Tom, was you paid by CrowdStrike or what? What do you mean "of course"? It is literally the only party that should be answering questions here. I suspect that even if Tom were to "question" Microsoft their answer about kernels, drivers, privileges, and how shipping seemingly untested code into the core of an operating system is a bad idea wouldn't even be comprehendible for him.

> The situation may also lead to calls from Microsoft users about what more the company could do to ensure products made for their software aren't going to cause major outages like this one.

This is getting absurd now, and I just can't give more energy to this. OK, it could now insist only memory safe languages such as Rust are allowed for drivers. Or outright permanently blacklisting drivers from certain vendors. The bitching and moaning from manufacturers would then, of course, have people like Tom writing articles like "Microsoft is making manufacturers lives harder, think of the poor IT professionals!".

> Any engineer will tell you over-reliance on one system leaves you open to a "single point of failure". Critical digital infrastructure has to have redundancy - back up systems - built in to ensure it is resilient.

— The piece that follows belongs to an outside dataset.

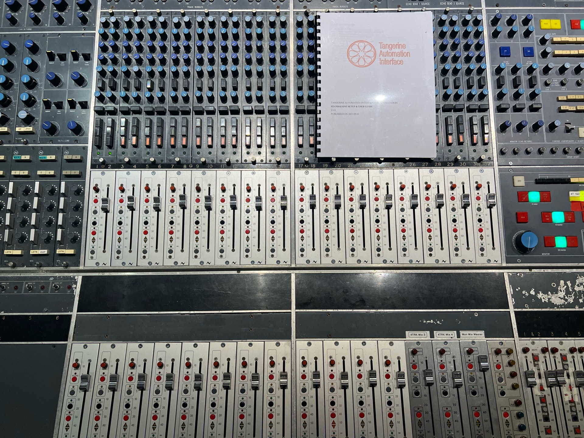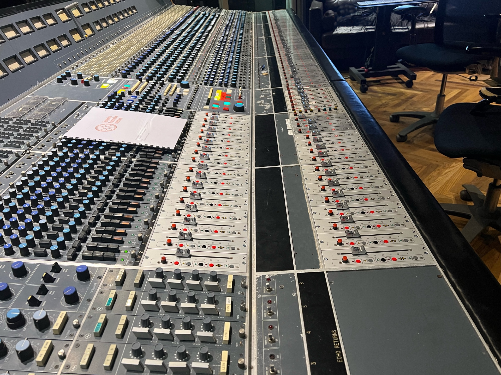 이 56채널, 24트랙 데스크는 TDA1034 Op-Amp를 사용하는 +-15V 레일 쌍을 중심으로 설계된 최초의 Neve 데스크였으며, 이후 NE5534A로 알려지게 되었습니다. 표준 오디오 Neve 트랜스포머 대신 모두 트로이달 형태로 감겨져 있습니다. 31106 EQ 모듈의 주파수는 George와 Rupert가 가장 음악적으로 유용하다고 선택한 것입니다. 이 모듈들은 이 데스크에만 독특하며, 34427 원격 마이크 프리앰프도 그렇습니다. 이 프리앰프들은 스튜디오 라이브 영역에 위치하며 “팬텀” 전류 신호를 통해 원격으로 제어됩니다. 32436 보조 모듈은 6개의 모노와 1개의 스테레오 송신을 제공합니다.

Please Tom, tell us more on your thoughts about memory safe languages, failure recovery modes, the unikernel vs microkernel debate, and how it's just a simple matter of overnight making operating systems "not a single point of failure".

This entire article is some kind of exercise in trying to get everything wrong while meeting a minimum word count, and I bet with some ChatGPT thrown in there too.

I flagged this post because I think it's far below even the minimum quality level for HN. It's outright clickbait drivel.